- **EXTRACTED RECORDS**:

§

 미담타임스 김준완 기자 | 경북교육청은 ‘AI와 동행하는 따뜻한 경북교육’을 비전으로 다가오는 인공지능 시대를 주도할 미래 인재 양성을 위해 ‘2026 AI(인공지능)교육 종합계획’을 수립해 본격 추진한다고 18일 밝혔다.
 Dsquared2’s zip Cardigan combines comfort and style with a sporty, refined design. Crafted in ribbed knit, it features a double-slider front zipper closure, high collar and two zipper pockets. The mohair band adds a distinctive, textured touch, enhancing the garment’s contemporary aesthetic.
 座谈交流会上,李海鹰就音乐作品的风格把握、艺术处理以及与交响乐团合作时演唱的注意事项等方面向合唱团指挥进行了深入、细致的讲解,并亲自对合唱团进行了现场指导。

§

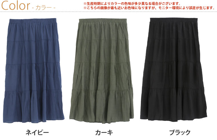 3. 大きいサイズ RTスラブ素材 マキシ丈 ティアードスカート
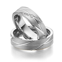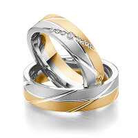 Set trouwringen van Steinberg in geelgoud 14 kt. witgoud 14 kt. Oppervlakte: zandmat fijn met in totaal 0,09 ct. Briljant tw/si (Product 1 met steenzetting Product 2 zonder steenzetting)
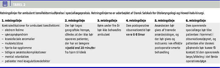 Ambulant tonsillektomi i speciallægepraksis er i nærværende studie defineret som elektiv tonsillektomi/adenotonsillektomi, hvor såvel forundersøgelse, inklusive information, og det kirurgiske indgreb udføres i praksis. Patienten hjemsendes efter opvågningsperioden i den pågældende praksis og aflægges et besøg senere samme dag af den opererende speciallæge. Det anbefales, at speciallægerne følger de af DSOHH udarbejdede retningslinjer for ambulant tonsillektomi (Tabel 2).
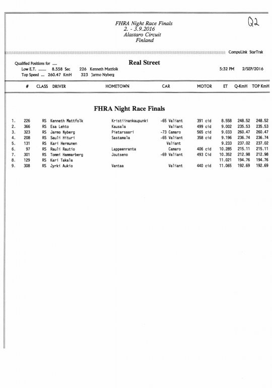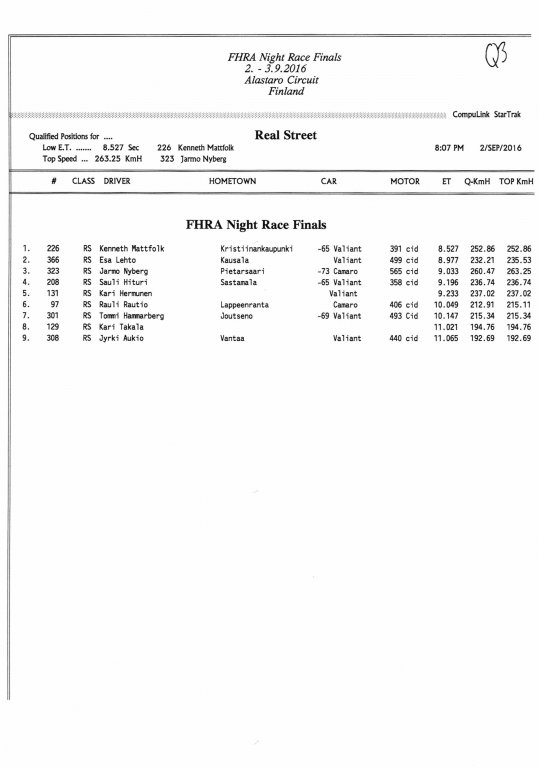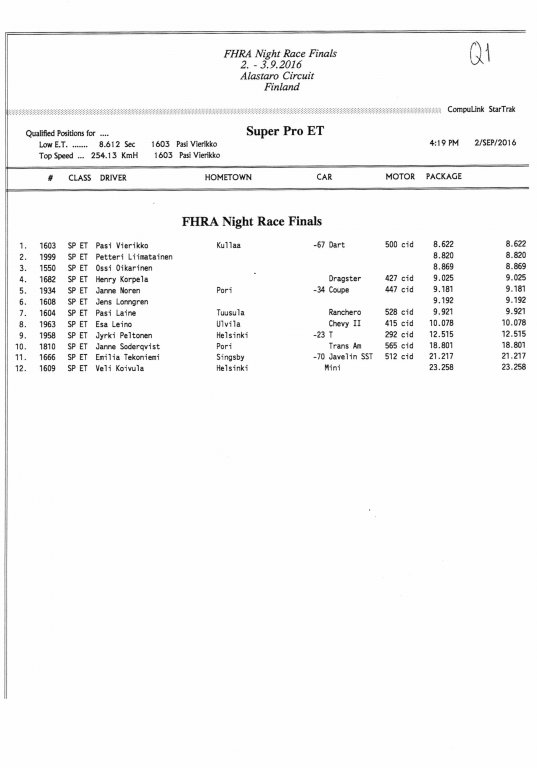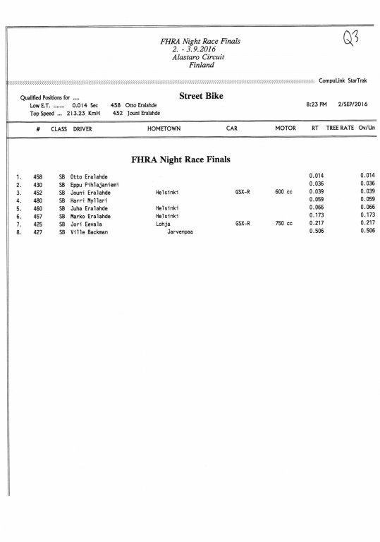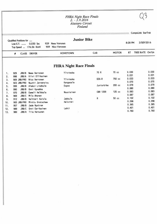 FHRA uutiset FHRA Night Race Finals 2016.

§

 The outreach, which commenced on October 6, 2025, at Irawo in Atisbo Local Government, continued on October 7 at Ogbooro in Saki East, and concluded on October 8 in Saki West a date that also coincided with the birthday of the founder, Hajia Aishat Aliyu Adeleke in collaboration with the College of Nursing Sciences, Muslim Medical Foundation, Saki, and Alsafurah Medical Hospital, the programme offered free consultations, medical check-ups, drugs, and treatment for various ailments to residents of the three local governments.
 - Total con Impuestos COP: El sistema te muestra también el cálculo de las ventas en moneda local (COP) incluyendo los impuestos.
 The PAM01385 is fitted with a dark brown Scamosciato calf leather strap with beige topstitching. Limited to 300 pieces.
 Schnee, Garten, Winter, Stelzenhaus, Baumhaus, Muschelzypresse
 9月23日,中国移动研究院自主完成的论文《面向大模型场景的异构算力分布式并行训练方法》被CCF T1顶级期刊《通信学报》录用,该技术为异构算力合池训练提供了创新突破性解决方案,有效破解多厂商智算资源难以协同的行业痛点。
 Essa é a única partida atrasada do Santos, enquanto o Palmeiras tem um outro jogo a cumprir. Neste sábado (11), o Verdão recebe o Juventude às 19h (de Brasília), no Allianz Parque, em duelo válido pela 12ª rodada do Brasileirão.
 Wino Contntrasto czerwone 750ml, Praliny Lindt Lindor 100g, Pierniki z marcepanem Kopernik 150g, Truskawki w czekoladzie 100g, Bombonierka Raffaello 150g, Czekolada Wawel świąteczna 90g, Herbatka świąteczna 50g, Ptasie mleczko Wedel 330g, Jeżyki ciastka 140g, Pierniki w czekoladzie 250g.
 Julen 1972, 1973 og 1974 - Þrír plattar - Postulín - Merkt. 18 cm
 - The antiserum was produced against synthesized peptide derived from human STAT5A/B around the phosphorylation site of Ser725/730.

§

- **WHAT YOU SHOULD DO**:
All lines above that hold the string "local" should be copied.

- **WRITTEN ANSWER**:
 The outreach, which commenced on October 6, 2025, at Irawo in Atisbo Local Government, continued on October 7 at Ogbooro in Saki East, and concluded on October 8 in Saki West a date that also coincided with the birthday of the founder, Hajia Aishat Aliyu Adeleke in collaboration with the College of Nursing Sciences, Muslim Medical Foundation, Saki, and Alsafurah Medical Hospital, the programme offered free consultations, medical check-ups, drugs, and treatment for various ailments to residents of the three local governments.
 - Total con Impuestos COP: El sistema te muestra también el cálculo de las ventas en moneda local (COP) incluyendo los impuestos.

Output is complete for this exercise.